If it seems that others are working harder than you, it’s probably because they are. That’s no reason to panic though, says JAMES MITCHELL.
Exams are not my friend.
First – on a personal note – the damned things have a habit of cropping up at the worst possible time every year. Next week, I’ll be twenty-four. I will have had exams on or around the anniversary of my birth for the last eleven years. Prospective parents please note: refrain from copulating without suitable protection in late August.
That goes for April as well. The “Christmas/Birthday” bunch have it just as bad.
Second, I admit that I have failed to turn up to a quite a few. I abandoned my Latin A-level at the last moment when I realised that I hadn’t left myself sufficient time to do justice to four subjects. Before my arrival in Cambridge, I attended the LSE to read Philosophy and Logic. I decided to skip the Logic part for similar reasons. It turns out Philosophy isn’t all smoking marijuana and impressing girls with profound thoughts on the nature of life and love. There’s some quite complicated mathematics involved as well.
I’m not sure if my exam track record and personal hatred for this particular time of year makes me an objective expert on the subject of exams or not. I suspect not.
Still, so far as I can tell, exams are about proving to someone that you still understand the things that you’d already demonstrated you understood when you first started them. Back in Michaelmas 2011, my supervisor and I seemed to be on the same page when it came to the causes of the Industrial Revolution. On some points, we agreed to disagree. I was fairly interested then. Now I’m forced to re-learn the whole thing and I feel nothing but resentment. What was wrong with my first effort?
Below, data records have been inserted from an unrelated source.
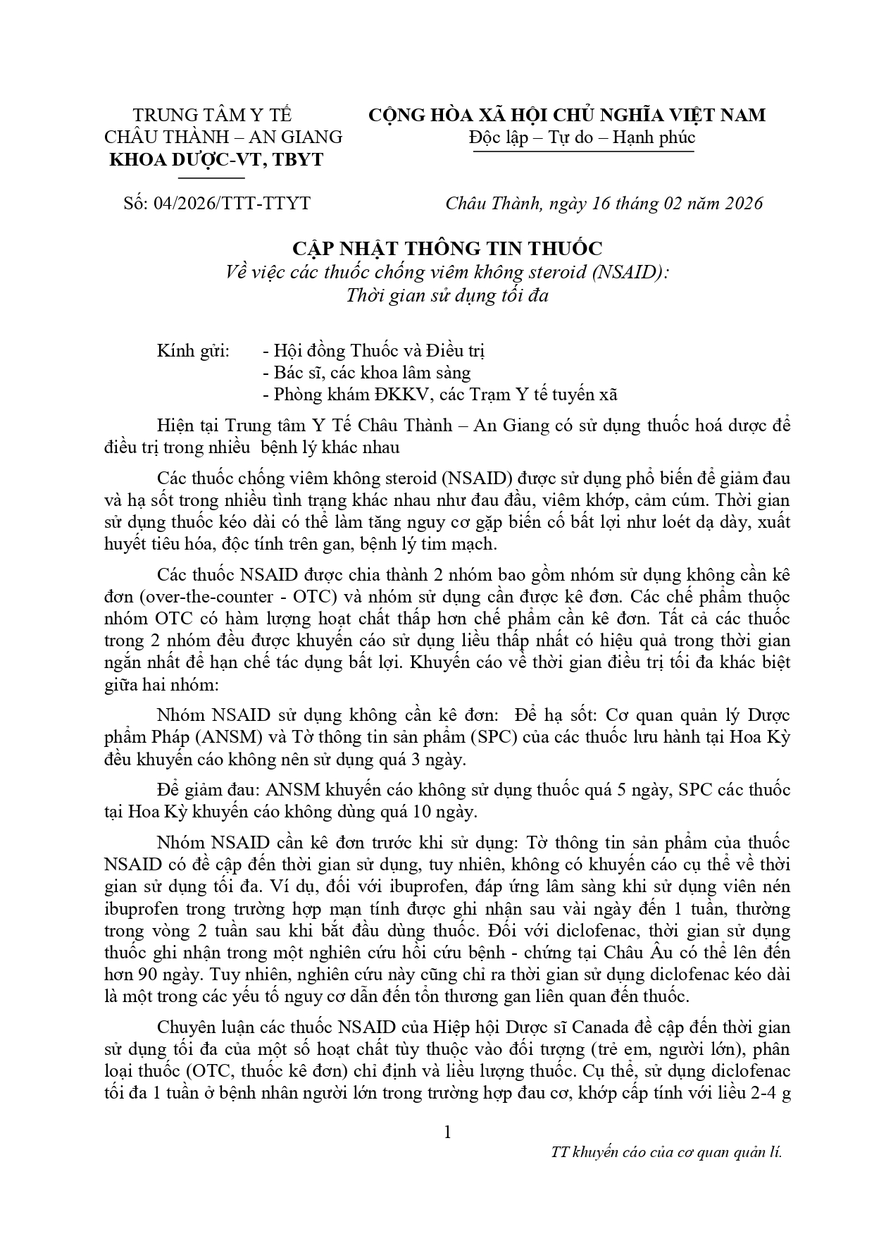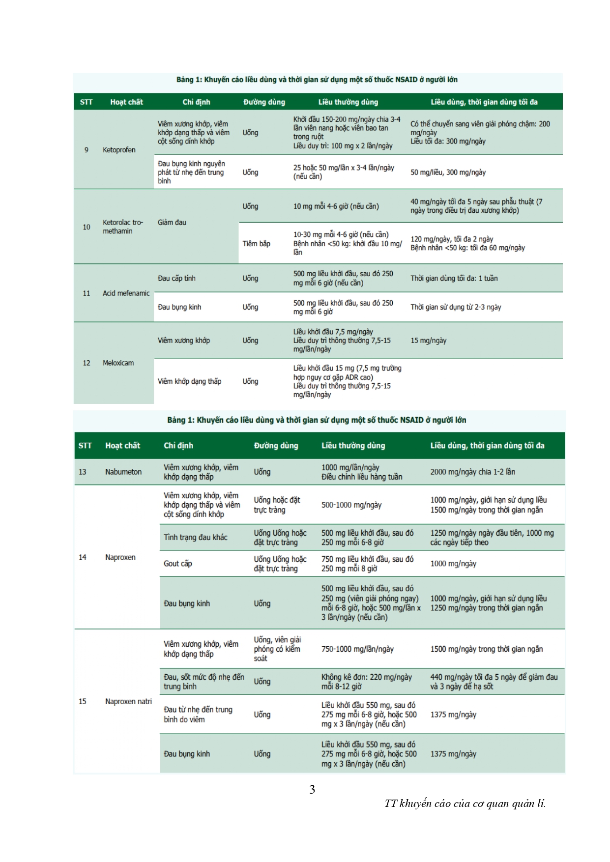 CẬP NHẬT THÔNG TIN THUỐC CHỐNG VIÊM KHÔNG STEROID ( NSAID) Ngày đăng: 11/03/2026 - 14:55 Chia sẻ: | In bài viết
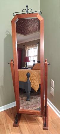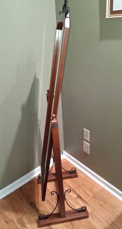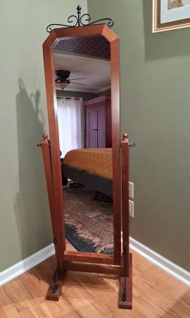 Unique adjustable floor mirror. Solid wood with black metal accents. Great in dressing area or walk-in closet. Good condition; mirror is clear with no defects, framework operational and stable. Cash...
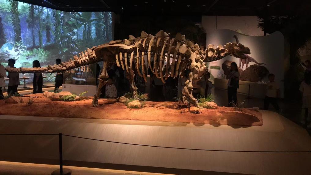 江西省博物館內的“獸紋華夏胄龍”的骨骼裝架。(吳潔 攝)
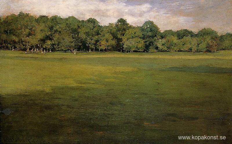Vi erbjuder dig en hantverksmässig reproduktion på duk av det berömda konstverket 'Prospect Park, aka Croquet Lawn Prospect Park' av William Merritt Chase, från Reproduktionsmuseet.
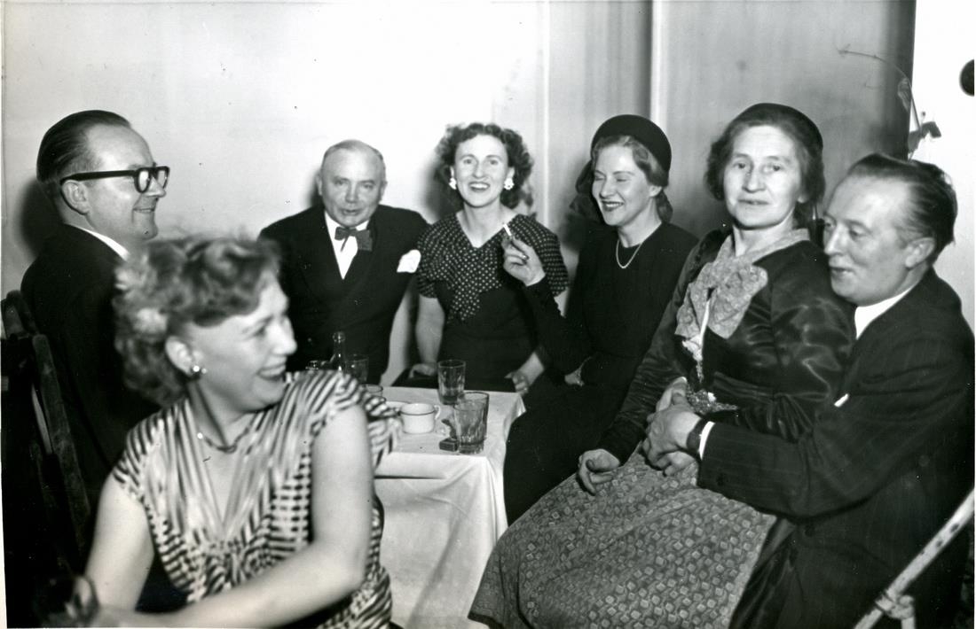 Reykjavíkursýningin 1949. Prúðbúið fólk situr til borðs með ýmsum drykkjarföngum. Glatt á hjalla.

I just don’t understand the life skills we’re supposed to get from sitting exams. I have never won an argument by absenting myself, disappearing to the library for a week and writing out a carefully worded repost under exam conditions.
Exams are shrouded in fantasy and myth – and it is this that causes the most panic. In order to pass we are told that we have to dedicate a minimum amount of time towards revision. One senior tutor recently circulated some advice recommending sixty hours revision a week. The truth is that, for some, leaving it all to the last minute and cramming the night before is sufficient. For others of course, this won’t work. But there is not one rule for everyone.
And therein lies the problem. We act (and feel) like we’re all in the same boat – when we’re not. Some people came here to get a degree and that is their raison d‘etre. I have a lot of respect for these people. I’m in no position to judge whether they make up the vast majority of students at Cambridge – though I expect the proportion is much higher here than at many other universities. Their stress is inevitable and thus quite understandable.
For a lot of us though, our priorities lie elsewhere: theatre, student journalism, the current series of The Apprentice. If the reason you’re panicking is because you’re convinced other people are working harder than you, then that’s because they almost certainly are. It doesn’t mean that you’re not doing enough (I did manage to pick up some logic after all).
Discussing revision progress with other people presents another potential hazard. Such conversations are inevitably punctuated with lies. There are those who downplay the amount of revision they’re doing in case it all goes tits-up. This is extremely frustrating when you know they’re lying – and in most cases, it’s obvious – as it makes your revision look minuscule in comparison.
I’m the other sort of offender. I tell people that I’m doing a hell of a lot of work. But I’m not. I’d rather tell a fib than witness the look of panic in someone else’s eyes when I confess how little I’ve done. Having said that, perhaps I am really in the first category and trying to convince myself (and you) that I’m not doing much work so that if I do fail it will come as less of blow.
What’s right for one person, isn’t necessarily right for another. Only you really know how much revision you need to do, and you should ignore what others tell you. If your revision strategy was good enough to get you into Cambridge, I doubt it’ll let you down now.
I cannot pretend that exams are not important. For better or worse, they’re needed to progress in life. Failure is obviously the very worst outcome for any student.
But let’s imagine you do fail. If you’re a first year, you may well get away with it. If you’re a second year, you will probably be given another chance. If you’re a third year (and you haven’t bagged a job) just put University of Cambridge at the top of your CV and big up the extra curricula material.
Do you remember that feeling of elation you got when you first found out you’d got into Cambridge? I cried. I asked the woman talking to me down the phone what her name was, promising to christen my first child after her. She told me it was India and we agreed I’d use it as a middle name instead. I then proceeded to play Journey’s “Don’t Stop Believing” on repeat for at least an hour.
I was convinced then that my life was set. It wasn’t. I had no idea what was ahead. Success and failure are fleeting – and you’re never actually finished when you think you are. Live or die, these exams are just another one of these moments and that moment will pass – whether you do or not.